エルロンドはレゴラスに伝えなければならない事を伝えられない、
そして、レゴラスは知りたいことを教えてもらえない苛立ちを、
お互い隠した。

 差しさわりのない会話が続いた後、
エルロンドは意を決したように従者たちに視線を送った。

「王子と重要な話をしたいので、よろしかったら席をはずしていただけないか」

 従者たちは目配せをし、戸惑うようにレゴラスを見る。

「それは、谷の秘密に関することですか?」

 従者たちの視線を気にしながら、レゴラスが問い返す。

「そうだ。約束どおり、我々が極秘としてきたことをお話したい。
ただし、事が事ゆえ、まず王子に直接話したい。
その後、それを公にするかどうかの相談をしたい。
ご理解いただけるだろうか」

 レゴラスは従者たちに振り向き、小声で指示を出した。
戸惑いながらも、従者たちが頷く。

「では、私たちは退席させていただきます」

 従者たちは軽く頭を下げ、エルロンドの執務室を出て行った。

 エルロンドがレゴラスにそのことを伝えるということは、
エレストールも承知しているようであった。
何も言わず、エレストールは人形のようにエルロンドの隣に立っている。

「エレストール、すまないが二人だけにしてもらえないか」

 顧問長は、心外だというように眉根を寄せる。

「エステルのこと、なのでしょう?」

「そうだ」

「なら、私が退席する理由はありません」

 エルロンドはエレストールに厳しい視線を送る。
エレストールは、何を警戒しているのか。
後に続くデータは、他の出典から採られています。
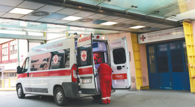 意大利羅馬一家大型綜合醫院,這里頻繁有救護車抵達運送病人。圖為其中一輛剛剛運送病人抵達急診室的急救車。記者 韓碩 攝

否、わかっている。
レゴラスとエルロンドを二人きりにする、その状況を危ぶんでいるのだ。
エレストールは、彼なりにエルロンドの心情を知っている。
エステルと同等か、あるいはそれ以上に、
エルロンドはレゴラスの来訪を待ち望んでいた。

 

 闇の森の王子に、心惹かれている。

 

 たしかに、エステルのことを伝えるだけのことに、
顧問長を退席させる理由はない。

「失礼します」

 頃合を見計らうように、執務室のドアが開けられ、
グロールフィンデルが入ってきた。
条件反射のようにレゴラスが身をすくめる。

「顧問長殿、ドゥネダインの使いの者が訪れました。
接見をお願いします」

 なぜ邪魔をする? エレストールがグロールフィンデルを睨む。
グロールフィンデルはレゴラスに目もくれない。

「王子との話が済み次第、ここに呼ぶように。
エレストール、すまないが用件を聞いておいてくれ」

 エルロンドの言葉に、エレストールはしぶしぶ頭を下げて出て行った。

「来客中、申しわけありませんでした」

「いや、ご苦労であった」

 裂け谷の顧問らしく、
グロールフィンデルは優雅に気品ある態度で胸に手を当て、
執務室を後にした。

 他に誰もいなくなると、無意識にレゴラスはため息をついた。
谷の顧問たちの前では、非常に緊張する。
特に、顧問長と、裂け谷ナンバー2と言われるグロールフィンデルの前では。
ほんの少しの無作法も許されない。

「かけてくれ」

 エルロンドも、安心したようにレゴラスに椅子を勧めた。

「では、失礼します」

 頭を下げてから、エルロンドの正面の椅子に座る。

 エルロンドもレゴラスも、しばしの間、お互いに視線を漂わせた。
目を見ることを恐れているように。

「・・・・・谷の秘密について」

 エルロンドは、重い口を開いた。

「すでに察しているとおり、あの人間の子供、エステルを我々は保護してきた。
エステルは成人を迎え、己の素性を知る次第となった。
かねてからの約束どおり、君にもそれを教えよう」

 レゴラスは、漂わせていた視線を、エルロンドに向けた。

 

 聞きたくない。

 

 心は、そう言っている。

 聞いてしまったら、あの小さなエステルは、
自分にとってただの純粋な子供ではいられなくなる。

 あのまま、秘密の庭で戯れていた、
あの日のまま、どうして時は止められないのだろう?

 レゴラスの心情を、エルロンドは察していた。
だが、教えないわけにはいかなかった。
エステルが特別な存在である以上、
いつまでもレゴラスの愛眼の対象であってはならないのだ。

 それに・・・・・・

 今のエステル・・・・彼は、もう、レゴラスの愛らしい子供ではない。

 人間の大人だ。

 それを告げれば、レゴラスはショックを受けるだろう。

 レゴラスが、谷を訪れることを禁じられた、
あれほどの騒ぎを起こした彼は、今は別の者に目を向けているのだ。

 

「エステルは・・・・本当の名を告げられ、二年程前に谷を去った。